How Particle Physics Can Improve Your Netflix Recommendations

Unlimited products are like bosons and restaurant reservations are like fermions.

Standard Model

Fermilab

From OpenTable to Amazon to your Netflix queue, algorithms sift through what we seem to like and offer future suggestions tailored to fit those trends. But the problem is they do this for everybody. So if everyone gets the same recommendations on OpenTable, everyone will try to reserve a table, and there won't be any seats left. What's more, if everyone gets a movie recommendation and everyone decides to watch it, the movie gets more popular--creating biases in the system. To improve matters, some researchers in Switzerland took a cue from the master rules of physics.

In particle physics, a given boson or lepton tends to occupy the most favorable energy state.

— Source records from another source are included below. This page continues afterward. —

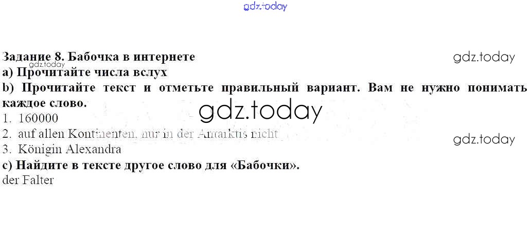 На страницах сайта gdz.today вы найдете учебный и вспомогательный материал, направленный на улучшения знаний школьной программы. ГДЗ - онлайн мир знаний Решение к главе 12. Числа, бабочка, пираты 8 Учебнику по Немецкому языку для 5 класса Яцковская Просвещение Wunderkinder 2017
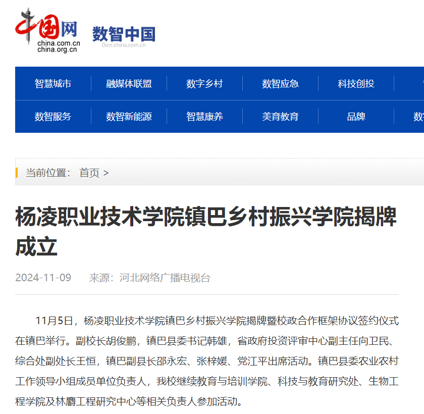 胡俊鹏指出,杨凌职业技术学院镇巴乡村振兴学院的成立,是校政融合推进全面乡村振兴,践行教育链、人才链、产业链、创新链四链融合助力农业强省建设的务实举措,也是学校扎实践行办好面向乡村振兴的职业教育、用职业教育服务乡村振兴的重要规划。希望校政双方围绕乡村振兴需求,共同规划职业教育服务方向,共同制定人才培养方案,推动教育资源向农村延伸,同为乡村培养更多下得去、留得住、用得上的技能型人才;共建育训基地,开展农业科技创新合作,发挥院校资源优势共建示范基地,深化贯通培养渠道与人才培养平台建设,共同以更加开放的姿态、更加务实的行动携手并进,在乡村振兴的伟大征程中书写新篇章,共同绘就农业强、农村美、农民富的壮美画卷。
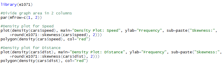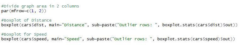 Similarly, to check the statistics checkpoints of the dataset, we can use code Summary(cars). This Code provides the mean, median, range of the dataset in a go, which the researcher can use while dealing with the problem.
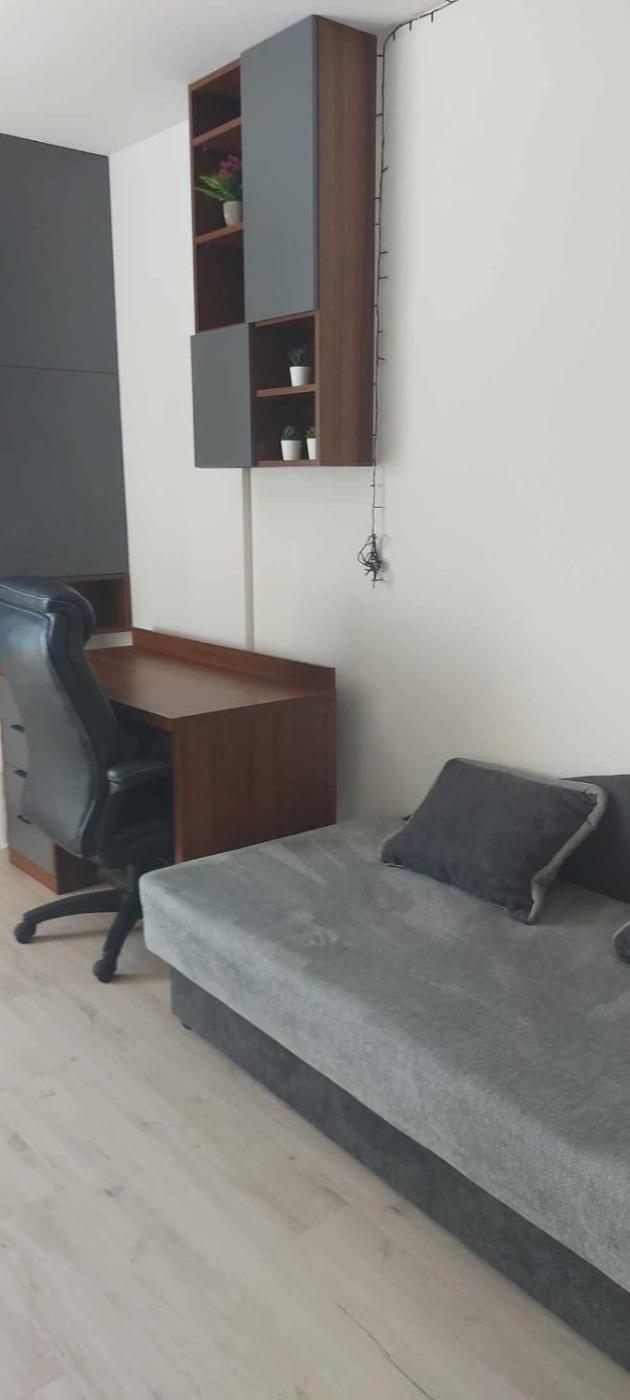 W apartamencie zapewniono sypialnię (1), aneks kuchenny z lodówką oraz zmywarką, a także łazienkę (1) z prysznicem.

If it's a force-carrying boson--like a photon, a W boson or a Higgs boson--there's no limit to how many particles can share real estate in that state. But if it's a fermion--like a quark, or an electron or proton--then only a certain number can be in the same place at the same time.

Algorithms should take this approach and function according to the rules of fermions rather than bosons, according to Stanislao Gualdi of the University of Fribourg and colleagues. After all, an object's utility declines with an increase in the number of people using it, they argue. It's like everyone buys the same guidebook and goes to the same quiet beach, meaning the beach is no longer quiet.

To study this concept, Gualdi and colleagues looked at DVD rentals. Using this model, a service like Netflix could limit the number of people who can have a single DVD at a time, forcing other DVDs to be recommended and chosen as secondary options. This limits biases that can happen when you give everyone unfettered access to the same thing, and this is good because it gives the whole recommendation engine some new fodder.

As Tech Review's arXiv blog points out, this is not necessarily a way to increase profits, so it's hard to see any recommendation service implementing the idea anytime soon. But it's an interesting concept.

"Crowd-avoidance can be applied to find a good compromise between satisfying the preferences of users and distributing them among objects evenly," the authors write. Their paper is posted to the arXiv preprint server.